Vi sono, infatti, delle convergenze che non fanno escludere il suo
influsso del tutto. Di recente gli studi del critico d'arte
hanno provato a includere anche altri teologi nel paradigma dei
possibili nomi e, tra essi, appare anche quello di Pietro Colonna il
Galatino. Come per il caso della Sistina, anche in questa circostanza
il punto principale della sua dissertazione è la definizione di
cielo. In particolare, la Disputa di Raffaello sarebbe un cielo da interpretare secondo molteplici accezioni; si
possono, così, attribuire all'affresco tutti e tre i sensi della
parola cielo nel modo in cui sono stati esposti dal minorita
galatinese. Seguendo tale idea, nella parte superiore vedremmo
raffigurata in senso anagogico la Chiesa trionfante, in quella
inferiore in senso allegorico la Chiesa militante; i santi disposti a
due a due sul banco di nuvole, invece, sarebbero una rappresentazione
della Sacra Scrittura da considerarsi, quindi, in senso tropologico,
simbolo del cielo .
Il passo di Galatino di nostro interesse, infatti, riporta scritto
che «chi vuole dunque penetrare nei misteri di Dio, nella
contemplazione delle cose divine, dopo aver lasciato dietro di sé le
opere della carne, deve salire in spirito al cielo di questa
Scrittura, affinché, come rapito con Paolo fino al terzo cielo
ed entrato in questa porta aperta della stessa Scrittura, veda le
parole arcane che all'uomo non è permesso pronunciare perché troppo
sublimi ».
Questo passo sembrerebbe collegare direttamente il testo del minorita
alla rappresentazione visiva, ma anche in tal caso è necessaria
prudenza perché, come nel caso di Egidio da Viterbo, non ci sono
dimostrazioni di incontri diretti con l'artista; allo stesso tempo,
però, sono testimoniati i contatti tra Pietro Colonna e il pontefice
committente e quindi diventerebbero più probabili i legami
indiretti. Oltre a ciò, un ulteriore fattore ricollegherebbe la
personalità del frate minorita e i suoi scritti con la Stanza. Un
tema importante, infatti, riguarda la Chiesa edificata con pietre
vive nel senso che la costruzione, per la prima volta, prese forma
con Cristo e gli Apostoli. Troviamo espressa questa dottrina nella
Prima Lettera di San Pietro: «Stringetevi a lui, la pietra viva,
rigettata dagli uomini, ma scelta da Dio e preziosa davanti a lui.
Lasciatevi impiegare come pietre vive per un edificio spirituale».
Il tutto è stato accolto anche dal libro diciottesimo de La città
di Dio di Agostino e sviluppato da numerosi teologi.
Entrambi i concetti espressi in questo passo, cioè il rifiuto della
pietra da parte dei costruttori e l'edificio fatto di pietre vive,
trovano ampio sviluppo in Pietro Galatino .
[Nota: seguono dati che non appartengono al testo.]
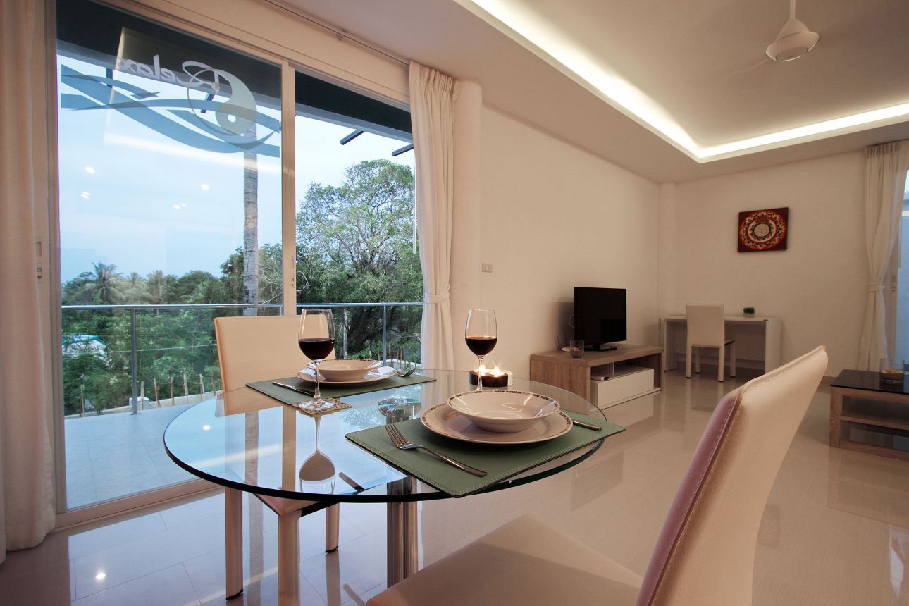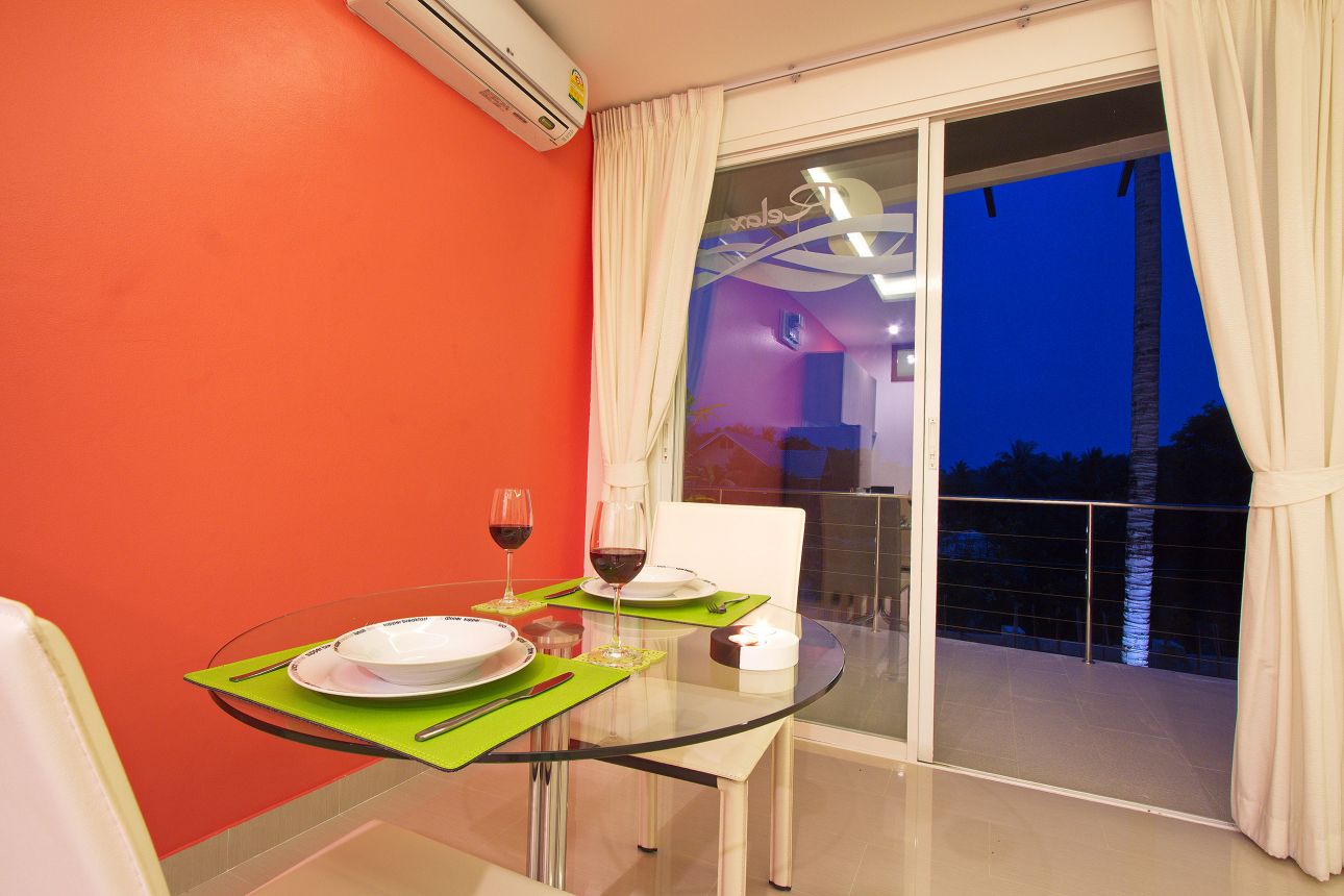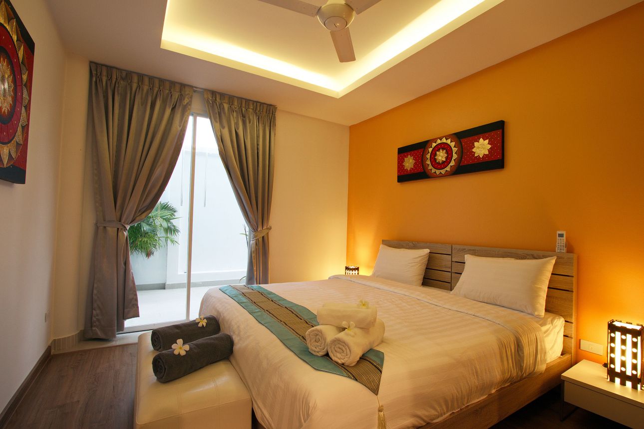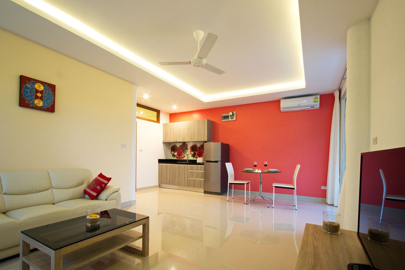1 спальня, 1 ванная комната, полностью оборудованная кухня, гостиная, терраса, кондиционеры, кабельное ТВ, WiFi, общий бассейн и сад
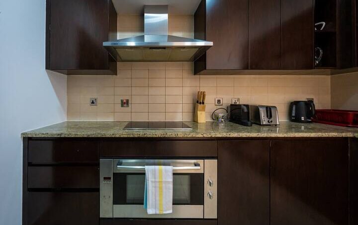 – Fully equipped kitchen (including coffee machine, teapot, toaster, microwave, stove, oven, cutlery, and kitchenware)

Nell'opera De Ecclesia restituta, infatti, il minorita
scrive: «Diremo ora qualcosa riguardo alle pietre che compongono la
struttura del tempio. Con esse si intendono designati tutti gli
elementi con i quali viene edificata la Chiesa militante ».
L'affresco della Disputa del Sacramento in particolare
sarebbe caratterizzato proprio dall'idea della costruzione della
Chiesa con pietre vive; Winner, infatti, precisando le idee stesse di
Pfeiffer, scrive che: «il pensiero immaginativo originale di
Raffaello dell'edificio della Chiesa fatto di pietre vive in cielo si
trasforma in un'allegoria dell'edificazione del Corpus Domini,
precisamente della chiesa, il Corpus mysticum costituito da membra
vive. Il Corpus Domini, il pane vivo sull'altare e il corpo divino di
Cristo come immagine dell'uomo perfetto in cielo dominano la
composizione definitiva, sospingendo, così l'allegoria
architettonica sullo sfondo ».
Da questa prospettiva, come già analizzato in precedenza e
soprattutto nel Capitolo Secondo, notiamo come il Galatino si
inserisca come di consueto in una tradizione consolidata (si era
visto, per esempio, il caso di Guglielmo Durante e la sua descrizione
di Chiesa costituita da pietre vive). Ancora una volta, non sorprende
che tale nome si inserisca a pieno diritto tra le ammissibili fonti
dottrinali di importanti programmi iconografici o come traghettatore
di idee passate. Insieme ad Egidio da Viterbo, quindi, il francescano
può essere considerato quanto meno una figura chiave di eminente
teologo e predicatore della corte pontificia il cui influsso potrebbe
essere stato ricevuto, come dimostrano i dettagli sopra citati, dai
grandi artisti del suo tempo.
Utilizzando uno dei concetti principali di Ernest Gombrich possiamo affermare, a ragion veduta, che alcune di
queste rappresentazioni abbandonassero il regno della pura
espressione a favore di uno comunicativo. Sul modello della relazione
locutore-ascoltatore che concerne l'attività verbale, si fonda una
relazione trasmettitore-ricevitore che presuppone l'esistenza di un
codice perché l'esperienza del messaggio abbia un senso. In tal
caso, come in quello della Sistina e della Cappella Borgherini, il
codice è l'importanza della scrittura; non si allude, con tale
definizione, solo alle Sacre Scritture o a quei testi di verità
storica tanto celebrati dai dotti del tempo (e anche dal Galatino
stesso), ma all'importanza dei testi di teologia e filosofia
contemporanei ad artisti come Raffaello, Michelangelo, Sebastiano del
Piombo e tanti altri. Difatti, si è tentato di riassumere ipotesi e
di fondarne di nuove, ma entrambe le cose sulla base dei testi del
Galatino per la specifica ricerca.
Il codice, dunque, presuppone un registro preciso di conoscenza e ciò ha il vantaggio di portarci a
considerare probabili le teorie fino ad ora esposte, perché fondate,
appunto, su un assunto preciso: l'importanza dei testi di quegli
anni, a volte originali, a volte riadattamenti di dottrine e teorie
precedenti. Raccogliendo questi motivi, avremo gli strumenti per
creare nuovi punti di vista, partendo però da una base comune
secondo la quale è irrealistico concepire l'idea secondo cui tali
rappresentazioni artistiche non abbiano necessitato la presenza
filosofica e teologica di alcune figure. Nel qual caso,
all'espressione veicolata dalle immagini si aggiungerà una lezione
imposta dalle scritture che potrebbero esservi dietro.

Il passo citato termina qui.